Last modified: Jan 31 2026 at 10:09 PM 6 mins read

Vanishing / Exploding Gradients

Table of contents

  1. Introduction
  2. The Problem Setup
  3. Mathematical Derivation
  4. Case 1: Exploding Gradients
  5. Case 2: Vanishing Gradients
  6. General Intuition
  7. Real-World Context
  8. Impact on Training
  9. Visualization: The Critical Region
  10. Why This Matters
  11. The Solution Preview
  12. Key Takeaways

Introduction

One of the most challenging problems when training very deep neural networks is the phenomenon of vanishing and exploding gradients. During training, your derivatives (gradients) can become either:

  • Exponentially large (exploding) → Training becomes unstable
  • Exponentially small (vanishing) → Learning becomes impossibly slow

This lesson explores why this happens and introduces how careful weight initialization can significantly reduce this problem.

The Problem Setup

Consider a very deep neural network with $L$ layers:

Deep neural network diagram showing vanishing and exploding gradients with L=150 layers. The network has two input nodes x1 and x2 on the left, connected through multiple hidden layers represented by circles (some filled black, some white), leading to output y-hat on the right.

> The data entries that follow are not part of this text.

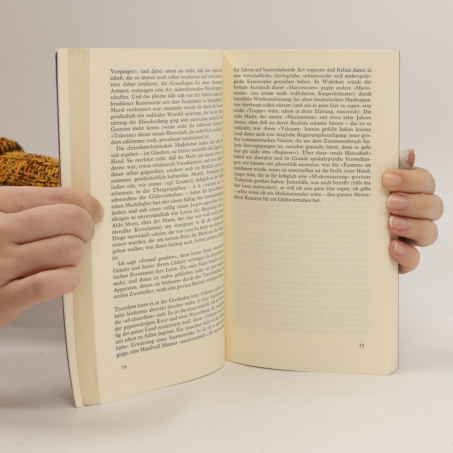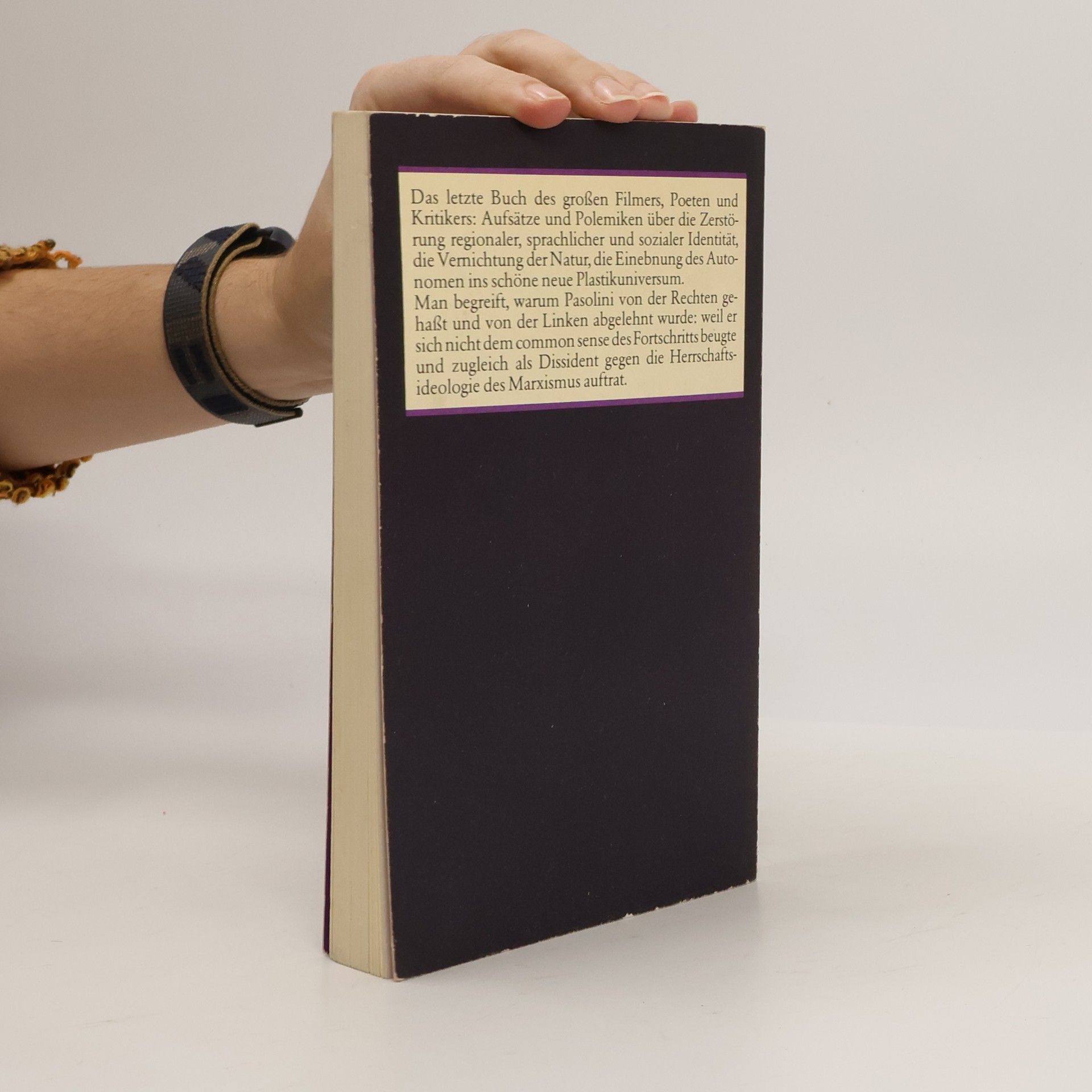 Als die Freibeuterschriften Pasolinis zum ersten Mal erschienen, waren sie – mit über 70.000 Exemplaren im ersten Jahr – nicht nur sehr erfolgreich, sondern bewirkten auch eine Wende in der Diskussion über den >Fortschritt<. Galt es bis dahin als ausgemacht, daß Demokratie und Massenkultur einander bedingten, so machte Pasolini auf die Kehrseite aufmerksam: auf die Radikalität eines Konsumismus, der sich als aufklärerisch tarnt, aber das Eigenartige nivelliert und das Einzelne zerstört. »Pasolinis Aufsätze können auch heute noch anregen, verschrecken, polarisieren – ihre andauernde Zauberkraft wird bleiben.« Henning Klüver, Süddeutsche Zeitung
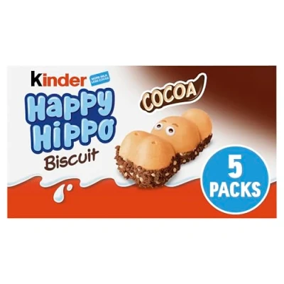Chocolate gifts and treats that will make your family and friends smile Crispy Wafer Biscuit With a Milky And Cocoa Filling Kinder Happy Hippo is a crispy hippo shaped biscuit with a double cream filling It is available in two different, yummy flavours - cocoa and hazelnut Free From Artificial Colours
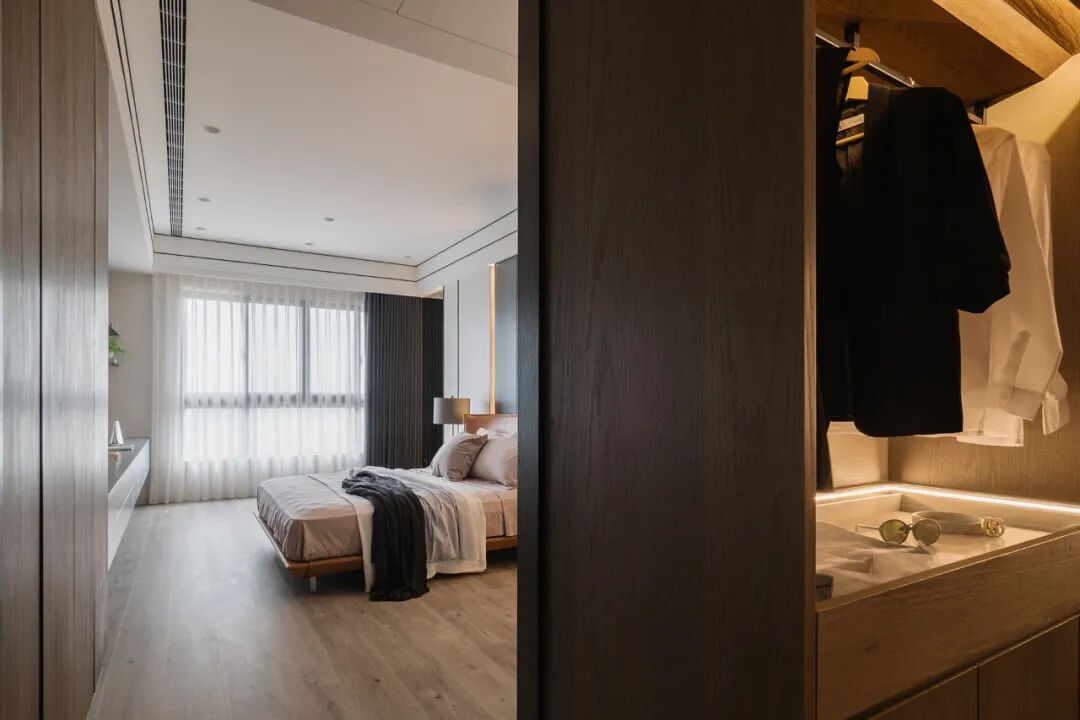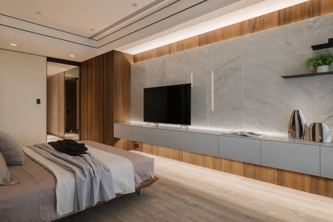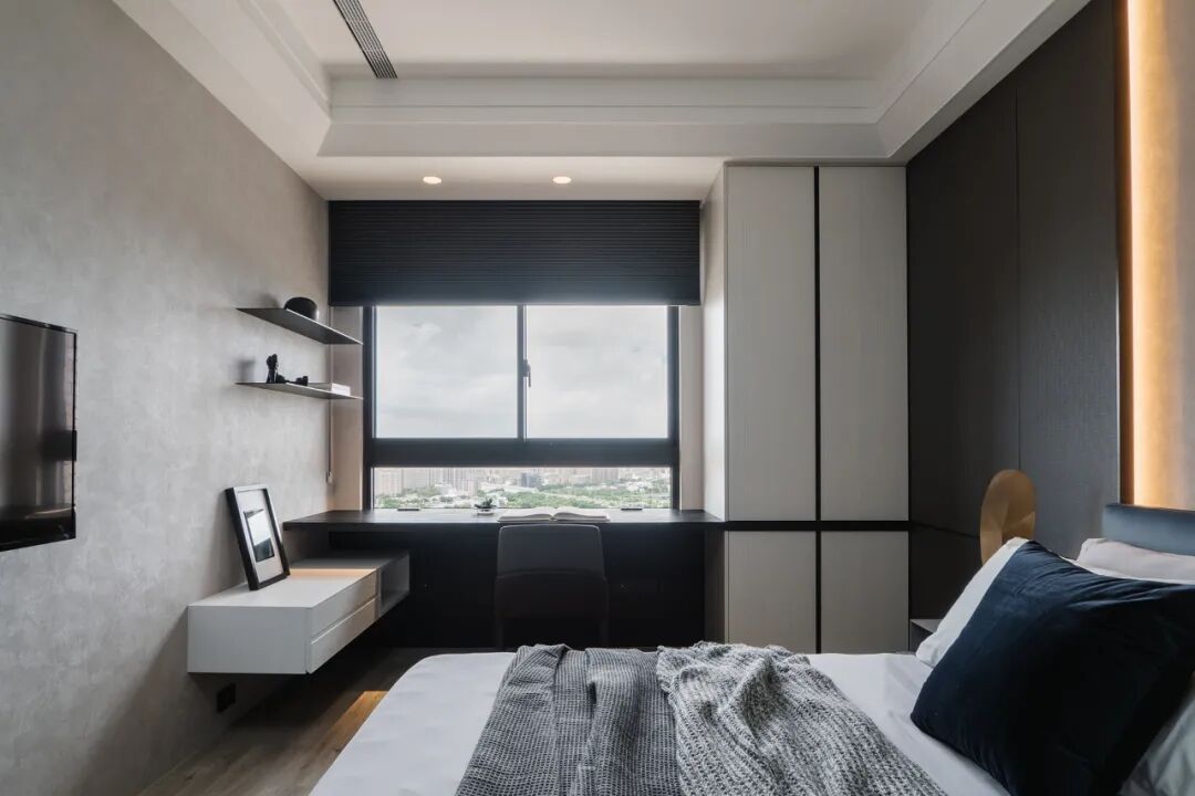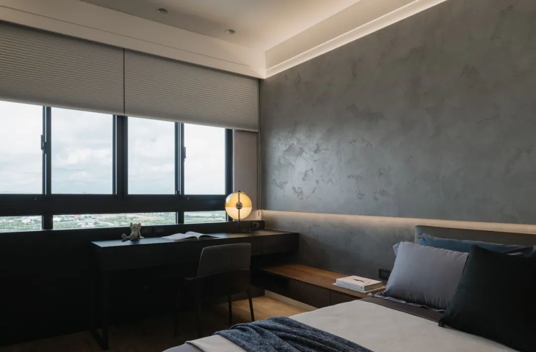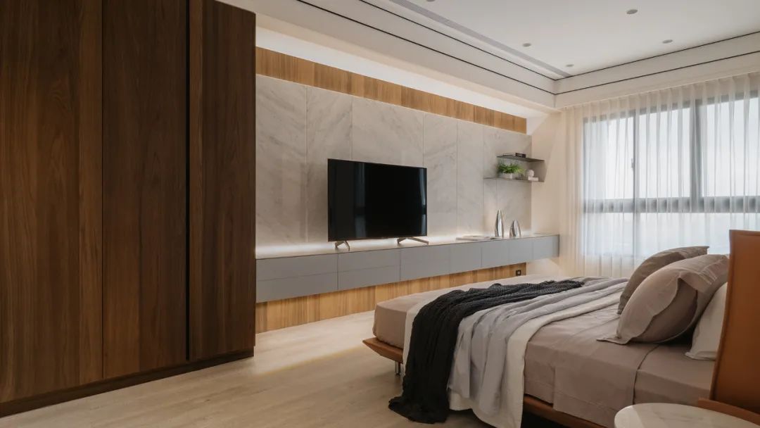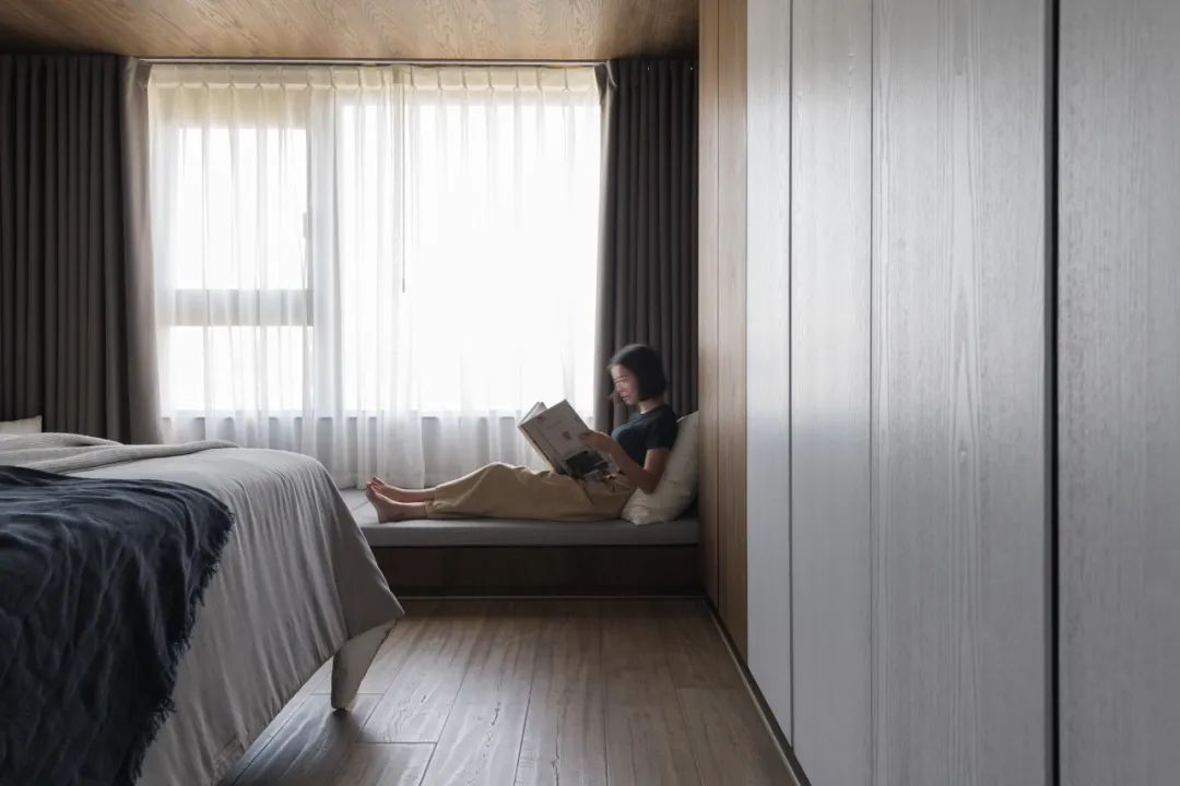 移步卧室,木皮沿着空间轨迹延伸,开启了空间与自然生态的对话,贴合墙面的定制设计,打破了单一化的空间视觉形态,飘窗、衣柜、书桌、墙柜等,展现出强大的多功能系统。

Red circled numbers 3 appear at early layers and late layers, indicating where gradient problems occur. Blue annotations mark layer groups as l=1, l=2, l=3 at the start and l=L-1 at the end. The diagram illustrates how gradients can vanish or explode as they propagate through the 150 layers of the network.

Architecture:

  • Input: $X$
  • Hidden layers: $L-1$ layers
  • Output: $\hat{Y}$
  • Parameters: $W^{[1]}, W^{[2]}, W^{[3]}, \ldots, W^{[L]}$ and $b^{[1]}, b^{[2]}, \ldots, b^{[L]}$

Simplifying Assumptions (for illustration):

  1. Use linear activation function: $g(z) = z$ (no nonlinearity)
  2. Set all biases to zero: $b^{[l]} = 0$ for all layers
  3. Each layer has 2 hidden units (though this generalizes to any size)

Note: These assumptions are unrealistic for real networks but help us understand the mathematical behavior clearly.

Mathematical Derivation

Forward Propagation with Linear Activations

With our simplifying assumptions, let’s trace what happens:

Layer 1:

\[Z^{[1]} = W^{[1]}X + b^{[1]} = W^{[1]}X \quad \text{(since } b^{[1]} = 0\text{)}\] \[A^{[1]} = g(Z^{[1]}) = Z^{[1]} = W^{[1]}X \quad \text{(since } g(z) = z\text{)}\]

Layer 2:

\[Z^{[2]} = W^{[2]}A^{[1]} = W^{[2]}W^{[1]}X\] \[A^{[2]} = Z^{[2]} = W^{[2]}W^{[1]}X\]

Continuing this pattern through all layers:

\[\hat{Y} = A^{[L]} = W^{[L]} \cdot W^{[L-1]} \cdot W^{[L-2]} \cdots W^{[3]} \cdot W^{[2]} \cdot W^{[1]} \cdot X\]

Key Insight: The output is the product of all weight matrices multiplied by the input!

Case 1: Exploding Gradients

Scenario: Weights Slightly Larger Than Identity

Assume each weight matrix is slightly larger than the identity matrix:

\[W^{[l]} = \begin{bmatrix} 1.5 & 0 \\ 0 & 1.5 \end{bmatrix} = 1.5 \cdot I\]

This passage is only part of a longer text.